__EXERCISE PROMPT__.
Please, without any pictures, set down exactly the part of the listing below that opens with the line containing "Wall Outlet USB" and closes with the line containing "Following the announcement".

__DATA FOR THE TASK__.
Start of Block

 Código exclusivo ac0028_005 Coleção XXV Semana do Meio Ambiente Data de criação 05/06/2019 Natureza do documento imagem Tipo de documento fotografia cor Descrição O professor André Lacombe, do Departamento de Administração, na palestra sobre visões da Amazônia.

End of Block
Start of Block

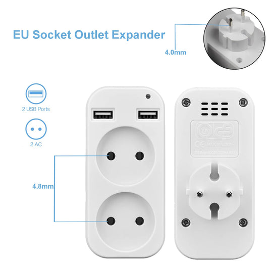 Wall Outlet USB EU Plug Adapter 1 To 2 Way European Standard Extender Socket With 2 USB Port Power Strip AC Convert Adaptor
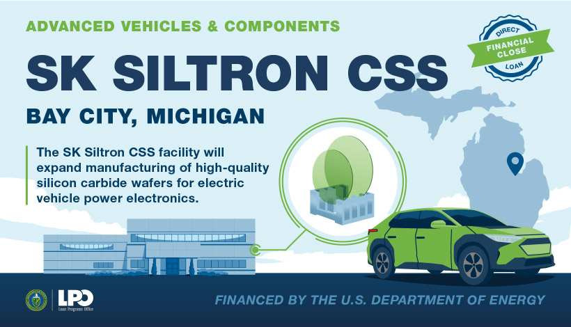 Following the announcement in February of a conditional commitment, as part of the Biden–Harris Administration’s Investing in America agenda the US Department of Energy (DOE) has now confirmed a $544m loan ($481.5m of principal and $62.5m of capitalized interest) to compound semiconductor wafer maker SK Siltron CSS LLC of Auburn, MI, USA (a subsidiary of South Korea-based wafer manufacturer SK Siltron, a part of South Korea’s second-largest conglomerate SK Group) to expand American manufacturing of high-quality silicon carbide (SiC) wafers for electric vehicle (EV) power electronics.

End of Block
Start of Block

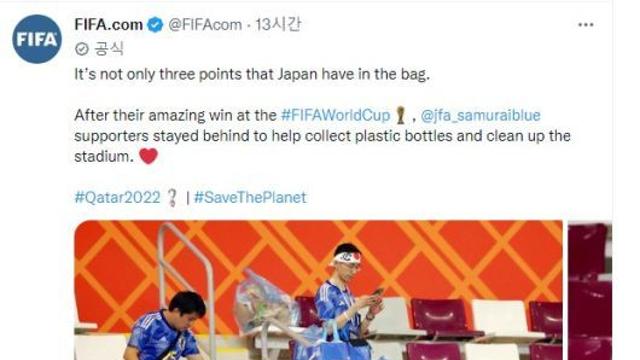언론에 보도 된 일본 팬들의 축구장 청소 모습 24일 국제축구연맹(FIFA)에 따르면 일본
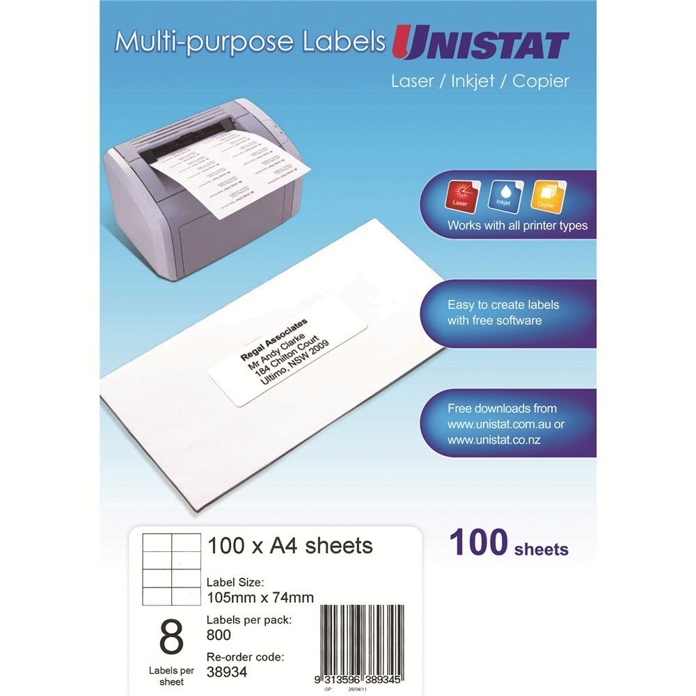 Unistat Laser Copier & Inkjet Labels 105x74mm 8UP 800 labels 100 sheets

End of Block

__TASK ANSWER__.
 Wall Outlet USB EU Plug Adapter 1 To 2 Way European Standard Extender Socket With 2 USB Port Power Strip AC Convert Adaptor
 Following the announcement in February of a conditional commitment, as part of the Biden–Harris Administration’s Investing in America agenda the US Department of Energy (DOE) has now confirmed a $544m loan ($481.5m of principal and $62.5m of capitalized interest) to compound semiconductor wafer maker SK Siltron CSS LLC of Auburn, MI, USA (a subsidiary of South Korea-based wafer manufacturer SK Siltron, a part of South Korea’s second-largest conglomerate SK Group) to expand American manufacturing of high-quality silicon carbide (SiC) wafers for electric vehicle (EV) power electronics.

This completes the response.